• **Task**
Copy out exactly the lines from the one containing "Inspired by Kerið" through the end of the records, and no pictures.

# # # # # # #

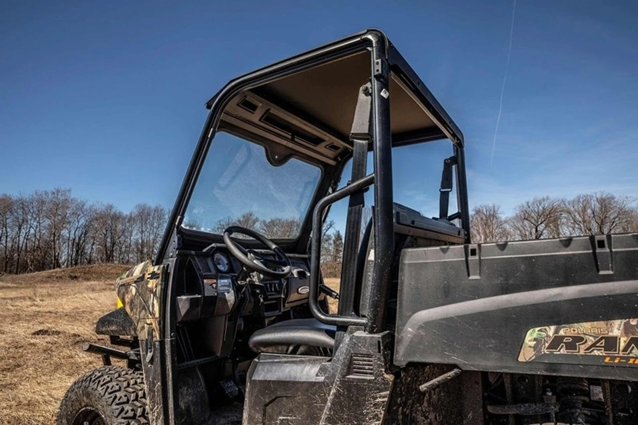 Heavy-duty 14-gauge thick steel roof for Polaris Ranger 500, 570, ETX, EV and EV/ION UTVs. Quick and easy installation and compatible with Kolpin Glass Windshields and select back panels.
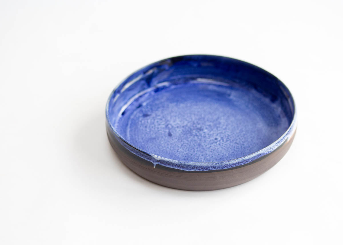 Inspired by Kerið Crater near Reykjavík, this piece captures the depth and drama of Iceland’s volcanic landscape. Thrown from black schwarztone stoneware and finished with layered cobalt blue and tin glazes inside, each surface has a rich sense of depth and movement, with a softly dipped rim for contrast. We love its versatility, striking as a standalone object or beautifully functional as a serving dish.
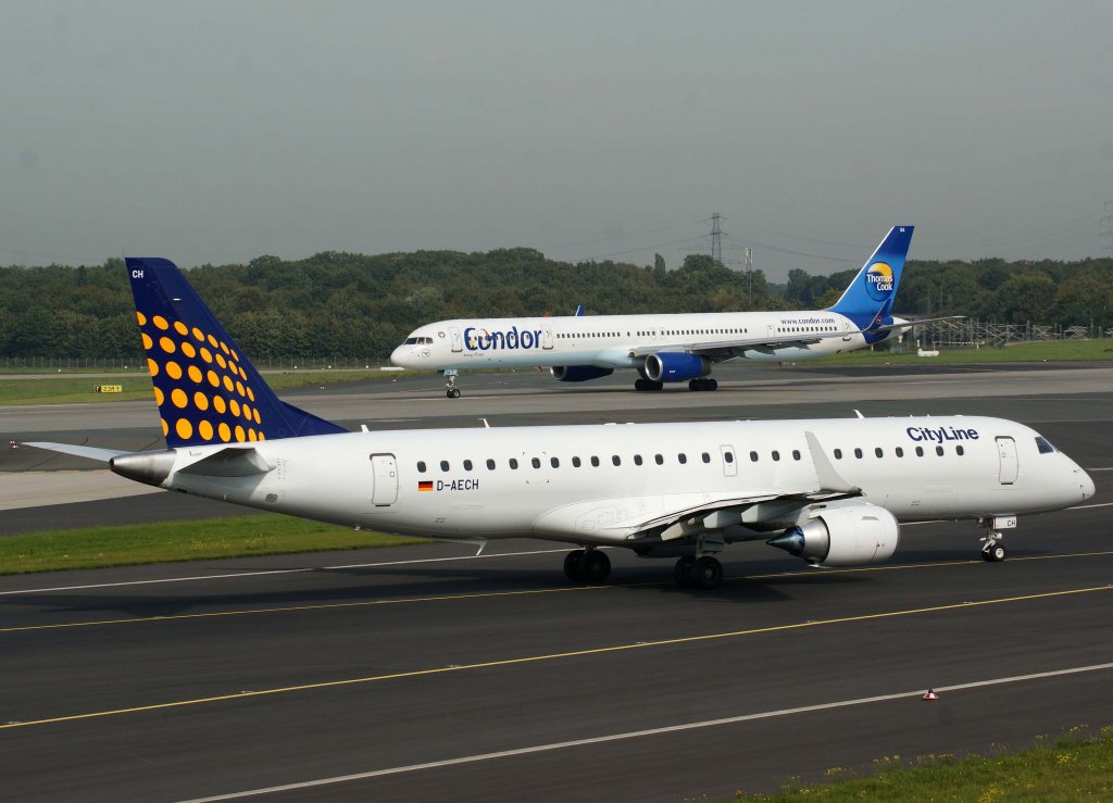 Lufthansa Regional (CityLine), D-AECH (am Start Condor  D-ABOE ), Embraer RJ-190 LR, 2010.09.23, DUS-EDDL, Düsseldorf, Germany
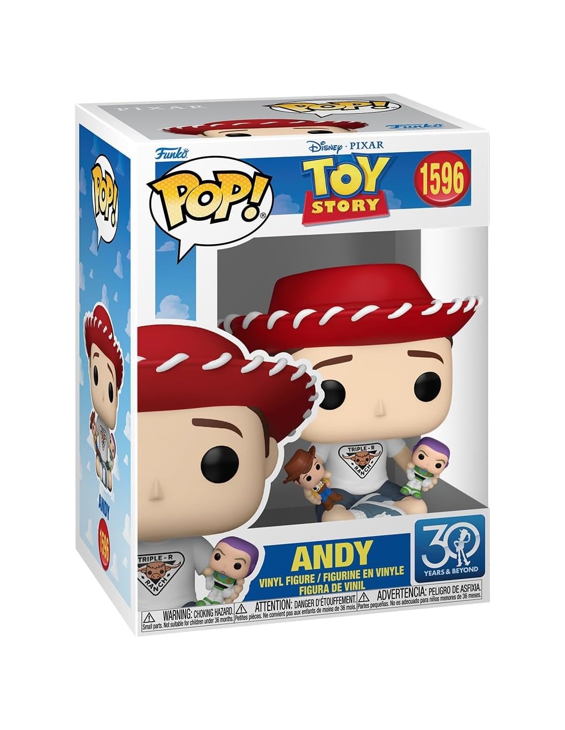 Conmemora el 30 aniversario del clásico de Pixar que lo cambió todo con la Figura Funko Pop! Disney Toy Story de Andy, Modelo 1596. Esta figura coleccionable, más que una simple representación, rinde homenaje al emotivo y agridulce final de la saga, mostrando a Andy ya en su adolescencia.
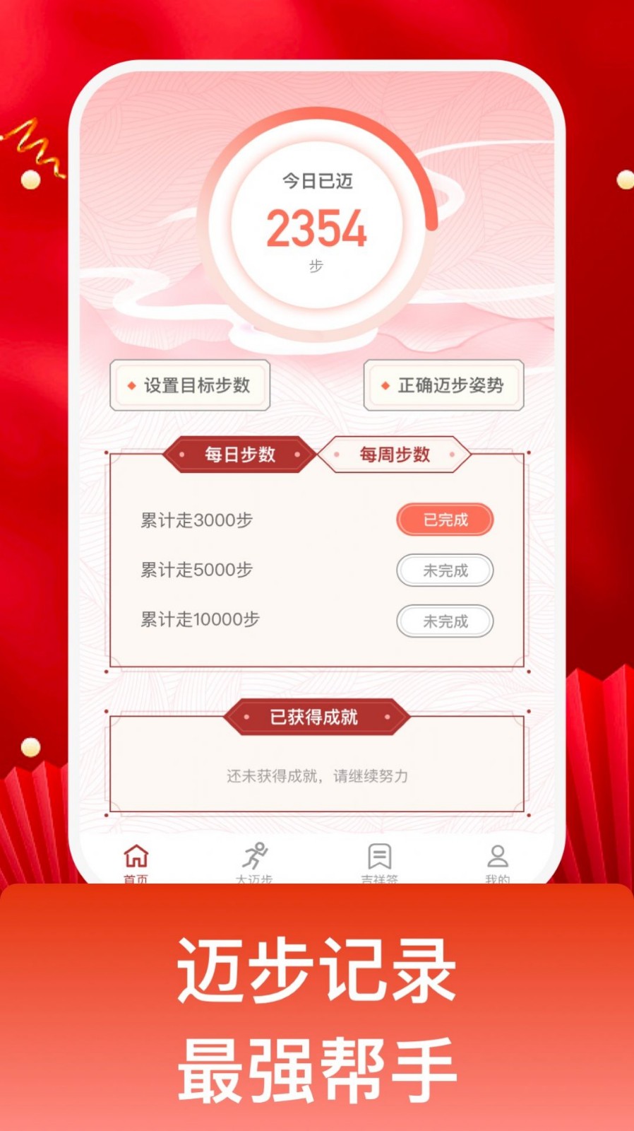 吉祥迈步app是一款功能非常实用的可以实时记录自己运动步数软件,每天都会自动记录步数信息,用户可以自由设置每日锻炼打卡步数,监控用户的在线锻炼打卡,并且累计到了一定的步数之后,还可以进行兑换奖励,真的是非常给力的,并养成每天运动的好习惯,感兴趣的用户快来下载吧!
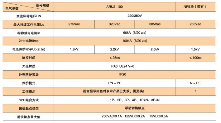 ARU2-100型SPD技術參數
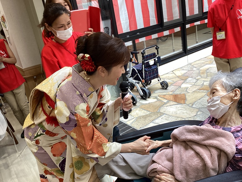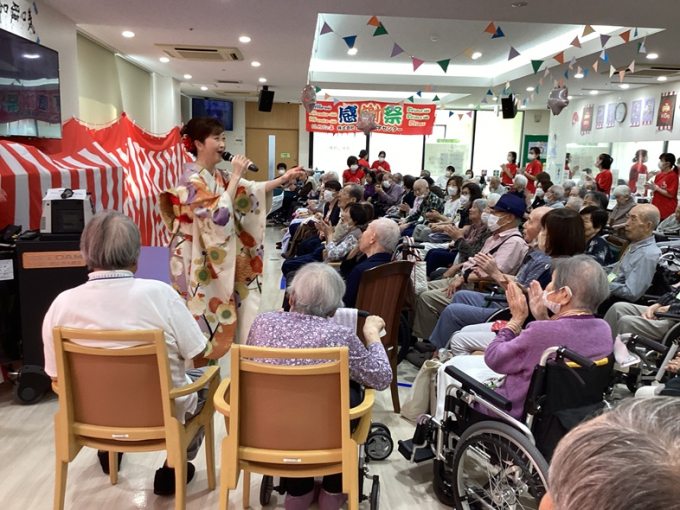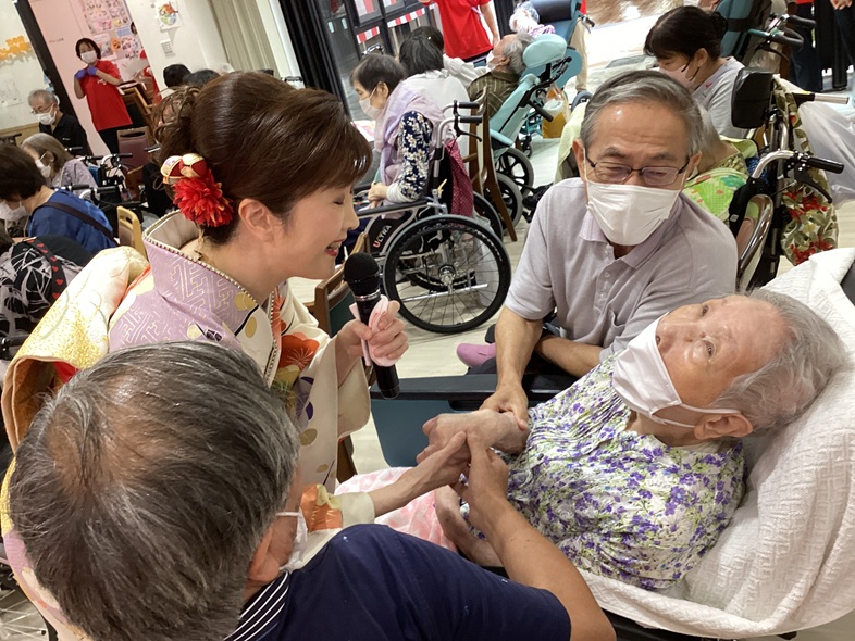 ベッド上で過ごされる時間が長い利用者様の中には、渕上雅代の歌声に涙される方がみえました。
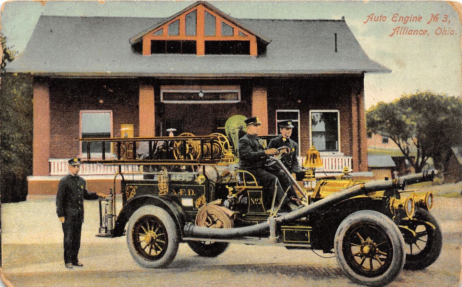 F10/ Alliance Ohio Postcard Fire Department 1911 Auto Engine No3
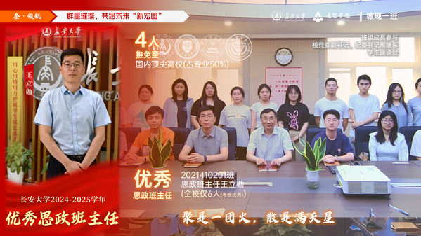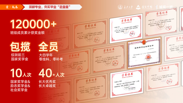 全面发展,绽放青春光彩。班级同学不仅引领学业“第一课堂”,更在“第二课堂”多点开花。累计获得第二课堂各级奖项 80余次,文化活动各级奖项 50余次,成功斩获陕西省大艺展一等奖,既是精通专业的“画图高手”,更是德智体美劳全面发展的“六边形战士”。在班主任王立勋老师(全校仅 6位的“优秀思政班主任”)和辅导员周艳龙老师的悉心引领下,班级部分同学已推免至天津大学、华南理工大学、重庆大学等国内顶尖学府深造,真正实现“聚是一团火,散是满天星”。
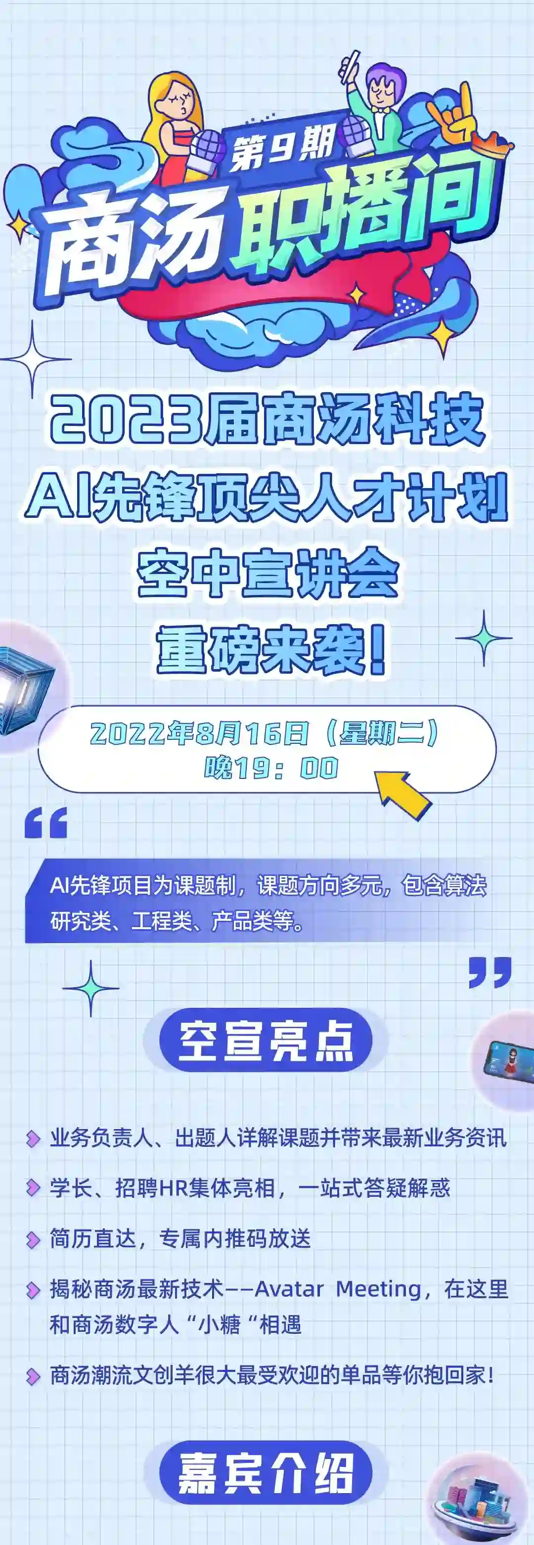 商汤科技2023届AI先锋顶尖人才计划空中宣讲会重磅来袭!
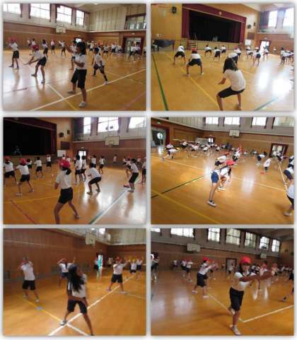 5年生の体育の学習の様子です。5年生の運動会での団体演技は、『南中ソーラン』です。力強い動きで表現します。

# # # # # # #

• **Result**
 Inspired by Kerið Crater near Reykjavík, this piece captures the depth and drama of Iceland’s volcanic landscape. Thrown from black schwarztone stoneware and finished with layered cobalt blue and tin glazes inside, each surface has a rich sense of depth and movement, with a softly dipped rim for contrast. We love its versatility, striking as a standalone object or beautifully functional as a serving dish.
 Lufthansa Regional (CityLine), D-AECH (am Start Condor  D-ABOE ), Embraer RJ-190 LR, 2010.09.23, DUS-EDDL, Düsseldorf, Germany
 Conmemora el 30 aniversario del clásico de Pixar que lo cambió todo con la Figura Funko Pop! Disney Toy Story de Andy, Modelo 1596. Esta figura coleccionable, más que una simple representación, rinde homenaje al emotivo y agridulce final de la saga, mostrando a Andy ya en su adolescencia.
 吉祥迈步app是一款功能非常实用的可以实时记录自己运动步数软件,每天都会自动记录步数信息,用户可以自由设置每日锻炼打卡步数,监控用户的在线锻炼打卡,并且累计到了一定的步数之后,还可以进行兑换奖励,真的是非常给力的,并养成每天运动的好习惯,感兴趣的用户快来下载吧!
 ARU2-100型SPD技術參數
 ベッド上で過ごされる時間が長い利用者様の中には、渕上雅代の歌声に涙される方がみえました。
 F10/ Alliance Ohio Postcard Fire Department 1911 Auto Engine No3
 全面发展,绽放青春光彩。班级同学不仅引领学业“第一课堂”,更在“第二课堂”多点开花。累计获得第二课堂各级奖项 80余次,文化活动各级奖项 50余次,成功斩获陕西省大艺展一等奖,既是精通专业的“画图高手”,更是德智体美劳全面发展的“六边形战士”。在班主任王立勋老师(全校仅 6位的“优秀思政班主任”)和辅导员周艳龙老师的悉心引领下,班级部分同学已推免至天津大学、华南理工大学、重庆大学等国内顶尖学府深造,真正实现“聚是一团火,散是满天星”。
 商汤科技2023届AI先锋顶尖人才计划空中宣讲会重磅来袭!
 5年生の体育の学習の様子です。5年生の運動会での団体演技は、『南中ソーラン』です。力強い動きで表現します。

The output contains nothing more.